Unos golpes se escucharon en la puerta mientras Joey seguía recordando ese día en especial, al estar perdido en sus recuerdos no se dio cuenta hasta que un fuerte golpe le advirtió que alguien había hecho un hoyo en su puerta de bloques, otra vez.

-Te traje la cena- escuchó que le decía una voz femenina, atrayéndolo al presente- hay pizza de frijoles con chorizo, tu favorita- le mostró la charola donde había cuatro rebanadas y un vaso de soda- si no te las traía T iba a terminárselas- Mushi le dedicó una sonrisa.

-Gracias- le dijo sentándose algo avergonzado por haber sido atrapado pensando en las Kiut.

-¿Me dirás que tienes? Se sentó a su lado mientras el niño comenzaba a comer con apetito- y no me mientas porque sabes que te conozco muy bien- lo miró seriamente.

-Pareces mi madre- le dijo con fastidio.

-¿Me estas llamando vieja?- le inquirió entrecerrando sus pequeños ojos.

-Rayos, no Mushi- le dijo antes de que la niña empezara a destruir cosas- sólo es un decir, no tengo nada grave, sólo que los extrañaba, al antiguo Sector V- confesó.

-Supongo que hoy fue divertido, como antes- le dijo ella- ¿aun te gusta mi hermana?- ser directa era lo que mejor se le daba.

-No de esa forma- se encogió de hombros- pero es como mi hermana mayor, además de mi ex líder.
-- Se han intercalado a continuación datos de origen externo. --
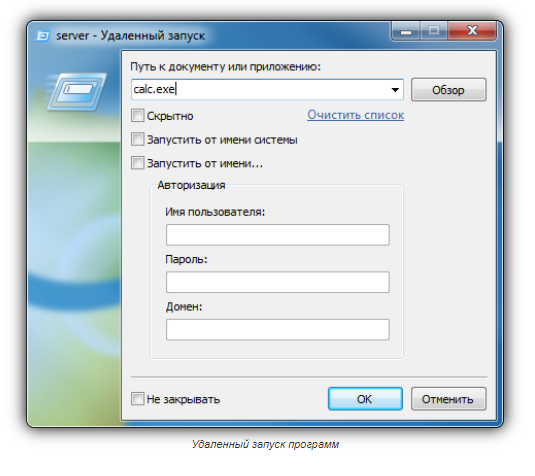 Режим «Удаленный запуск» предназначен для открытия документов или запуска программ на удаленном компьютере напрямую, без получения доступа к удаленному экрану. Данный режим избавит вас от того, чтобы подключаться каждый раз к удаленному рабочему столу, для совершения такой рутинной операции, как запуск программы.

Pero ya sabes, lamento que Wally siga siendo un bruto- se ganó una carcajada por parte de su amiga.

-Si bueno, eso nunca va a cambiar- suspiró y observó alrededor mientras el rubio seguía comiendo- me preocupa un poco sabes, que ella recuerde- Joey la miró a los ojos y bajó la rebanada que estaba comiendo, se le había ido el apetito.
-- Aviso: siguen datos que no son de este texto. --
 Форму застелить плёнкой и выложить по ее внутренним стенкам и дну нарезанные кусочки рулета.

-Si recuerdan, sería bueno escuchar la defensa de mi hermano y luego yo mismo le patearé el trasero.

-Déjame algo, aún no olvido ese día- ambos se quedaron serios hundidos en sus recuerdos.

-Escuché que obtuviste el papel de Dorothy en la obra de tu clase- le dijo después de un rato.

-Pues claro, los dejé impresionados con mi actuación- le dijo con seguridad.

-Eso o nadie podía creer que los zapatos rojos que te hizo T de verdad volaran- la niña sonrió- eso de ser menor que tú apesta, siempre me pierdo de todo- puso mala cara y devoró lo que quedaba de pizza.

-Pero podrás verme en el estreno ¿o no piensas asistir? En mi recital del año pasado…

-Estaré allí- dijo molesto al recordar que el año anterior le habían dado paperas y no había podido salir en semanas, la niña le sonrió dulcemente- y bueno como te esforzaste por verte linda y dulce cuando eres todo lo contrario creo que ya puedo dártelo.

-¡Pero si soy un querubín!- le dijo e inmediatamente comenzó a reír mientras el chico se levantaba y buscaba algo debajo de su cama.

-Ya no puedes quejarte que nadie te ha dado flores, niña tonta- le dijo dándole un florero con cuatro tulipanes, todo hecho de piezas lego, la niña se quedó absorta y con las pupilas dilatadas, le sonrió con alegría.

-Son lindísimas- le dijo agarrándolas visiblemente emocionada mientras el niño sentía el rubor subir a sus mejillas.

-Supongo- le dijo algo incómodo mientras la veía levantarse y poner el regalo sobre una cómoda, esperaba que no le diera un abrazo demasiado efusivo o algo así.

-¡Banzai!- gritó la niña mientras se lanzaba contra él rodando ambos de la cama al suelo. Los otros tres miembros restantes entraron corriendo puesto que habían escuchado parte de la conversación, estaban preocupados por el miembro más joven.

-¡Yo también juego!- gritó Sonia lanzándose sobre ellos.

-¡Jerónimo!- gritó el líder.

-¡Allí les voy!- agregó T cayéndoles encima.

Así pasaron la noche, riendo, jugando y disfrutando de su juventud.